▶ _EXERCISE AIM_:
Take the line containing "这是我第一次当火炬手,能够在" and every line after it to the end of the records, and copy them exactly, leaving out pictures.

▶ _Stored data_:

+===+

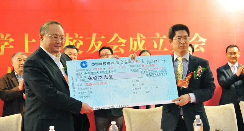 2013年4月20日,在山东财经大学上海校友会成立之际,2001级校友上海领路人照明工程有限公司董事长朱上民为母校捐助50万元设立“领路人奖学金”,助力学校发展建设。校长刘兴云、资深校友中国建设银行上海分行行长王江以及学校党委办公室、校友办公室、山东财政职工大学负责同志、上海校友会会长郭晓天、上海领路人照明工程有限公司部分高管等与260名校友出席了捐赠仪式。刘兴云代表学校接受捐款,并为朱上民校友颁发捐赠证书。
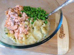 "А не прасцей зрабіць бульбяное пюре, запечыць рыбу і падаць гэта ўсё з гарошкам?" — спытаеце вы. Прасцей, але на талерках у 3-4 чалавек ваш варыянт, прыгатаваны з дадзенай колькасці прадуктаў, будзе выглядаць бедна, вы ж не супяречаеце? Таму давайце зрабім смачныя цацечкі, якім усе будуць рады, тым больш, што можна выкарыстаць астаткі пюре ад учораўшняга абеду ці вячэры :)
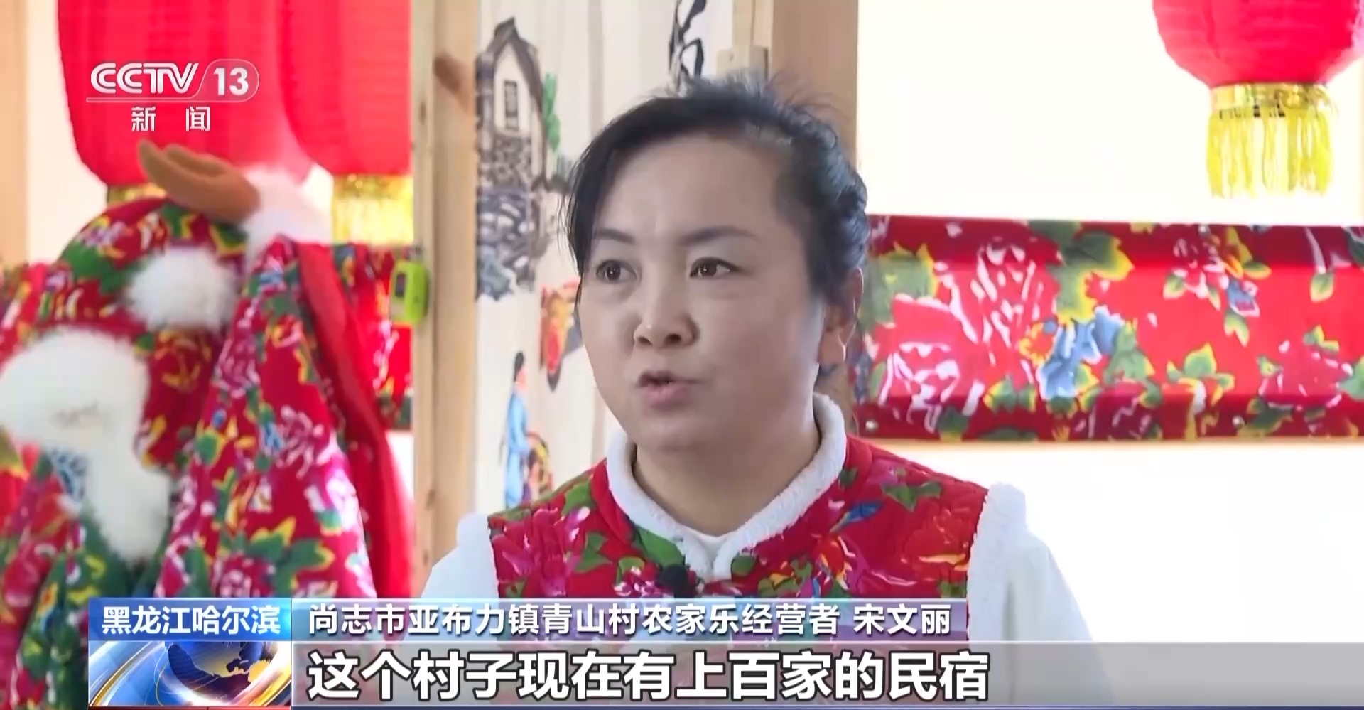 總臺記者 王海樵:現在一走進村子就可以隨處看到這種掛著大紅燈籠的農家樂和民宿,全村有300多戶人家,其中有120多戶都是從事和滑雪旅游產業相關的生意,如今的青山村也成為了名副其實的亞布力山下第一村。
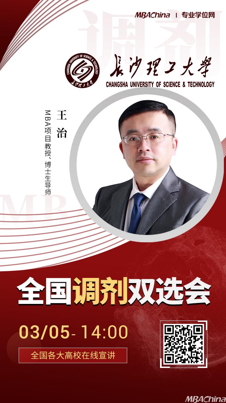 掌握先機,決戰(zhàn)調(diào)劑。為了方便廣大考生更好地了解2021年MBA調(diào)劑信息,也為了進一步服務(wù)于需要調(diào)劑的考生,MBAChina、專業(yè)學(xué)位網(wǎng)攜手對長沙理工大學(xué)舉辦“2021年全國管理類專業(yè)調(diào)劑雙選會”,并于2021年3月5日16:30--16:50在線直播。
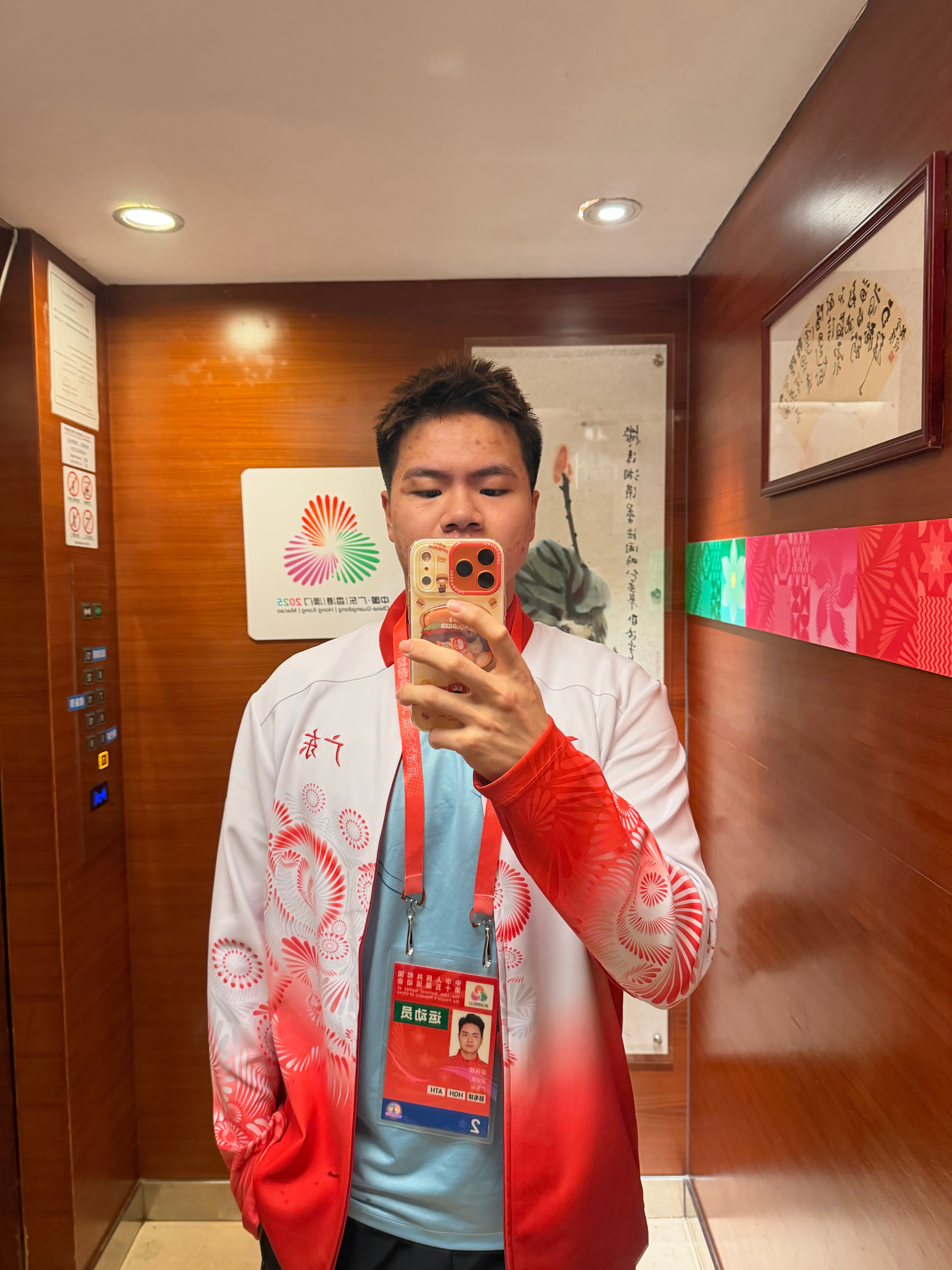 这是我第一次当火炬手,能够在家门口举行的十五运会上参与火炬传递,还是在开幕式现场
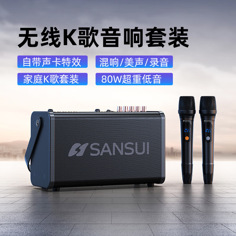 山水(SANSUI)便携式手提音箱广场舞音响带KTV无线话筒小型直播k歌音响移动户外大功率声卡卡拉OK音箱 E73价格:1880.00元!
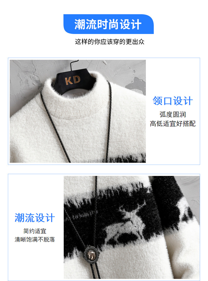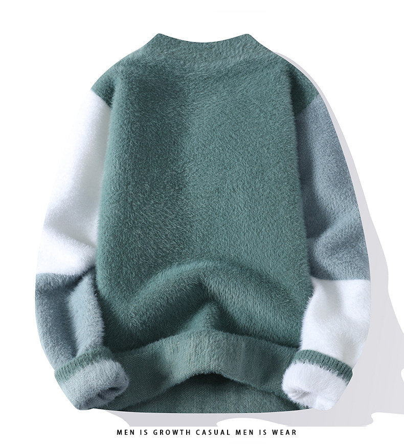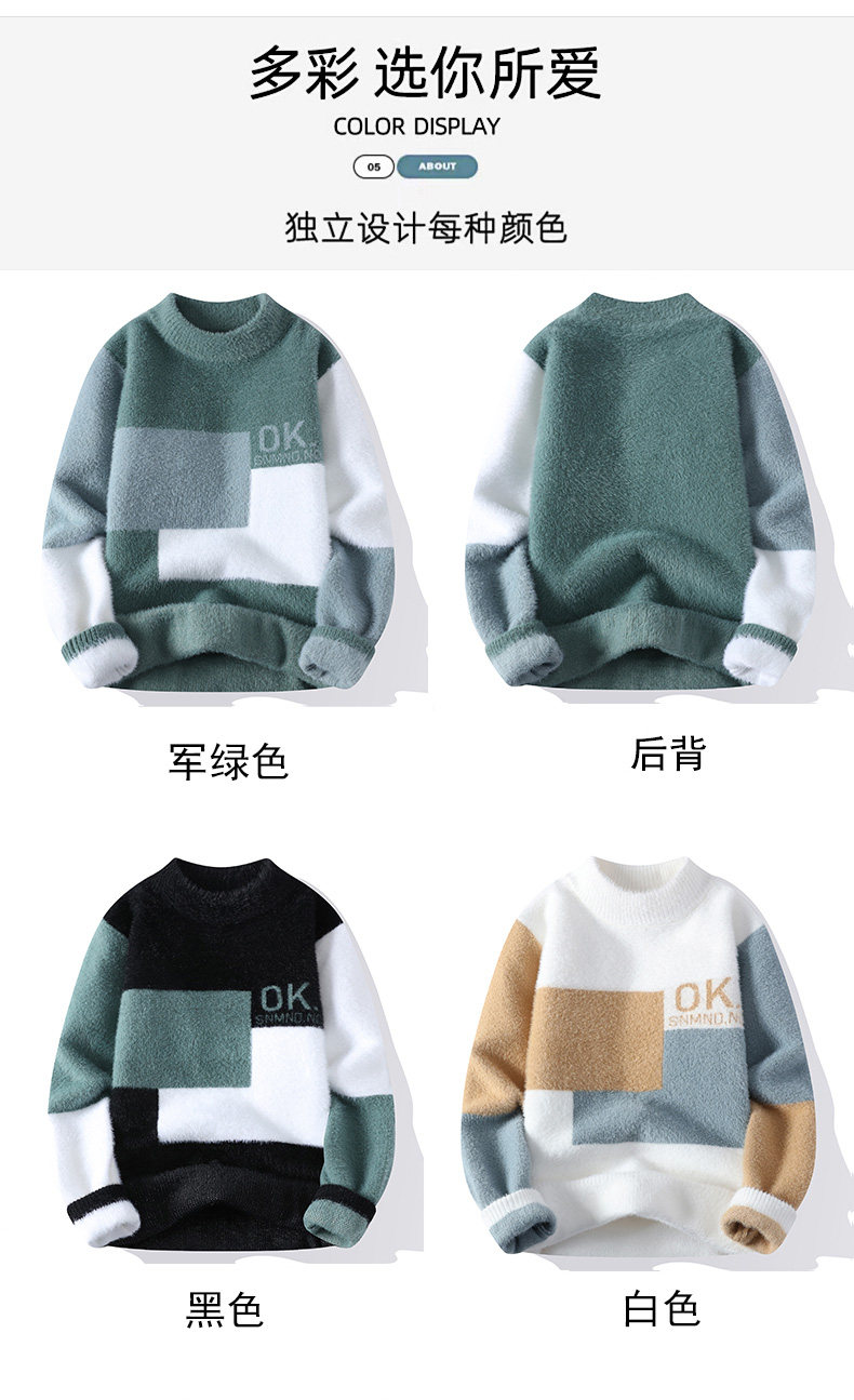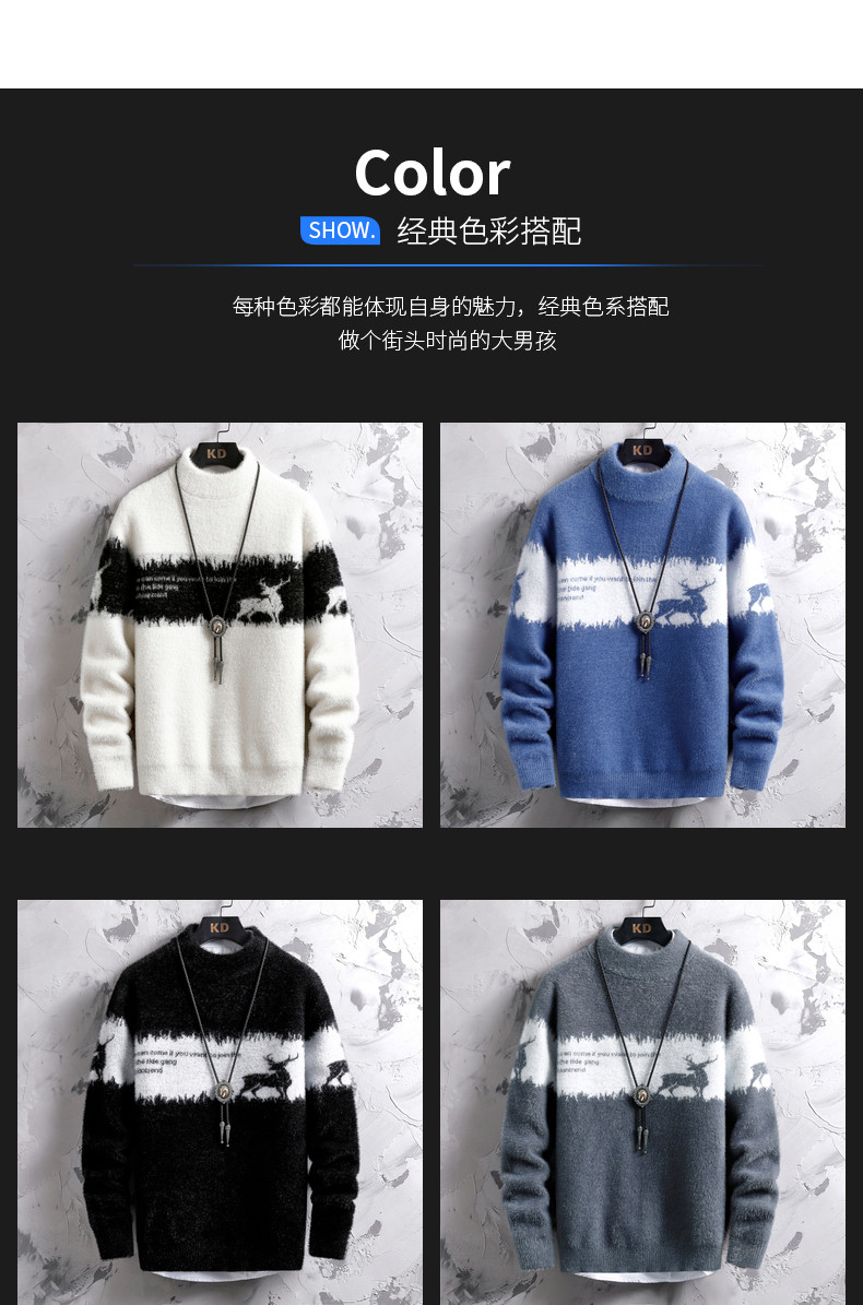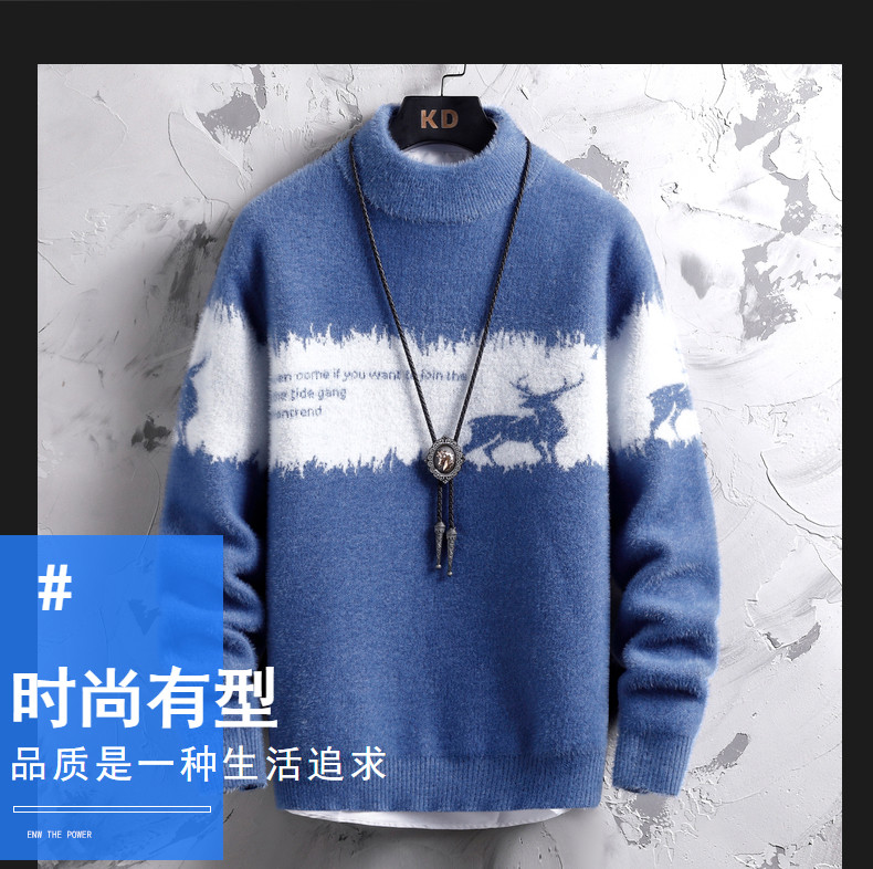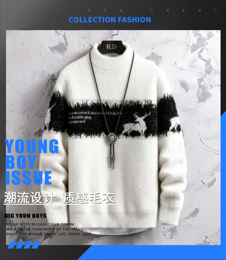 • 半高领毛衣男士秋冬新款青少年加厚仿貂绒打底衫保暖打底冬装上衣

+===+

▶ _WRITTEN SOLUTION_:
 这是我第一次当火炬手,能够在家门口举行的十五运会上参与火炬传递,还是在开幕式现场
 山水(SANSUI)便携式手提音箱广场舞音响带KTV无线话筒小型直播k歌音响移动户外大功率声卡卡拉OK音箱 E73价格:1880.00元!
 • 半高领毛衣男士秋冬新款青少年加厚仿貂绒打底衫保暖打底冬装上衣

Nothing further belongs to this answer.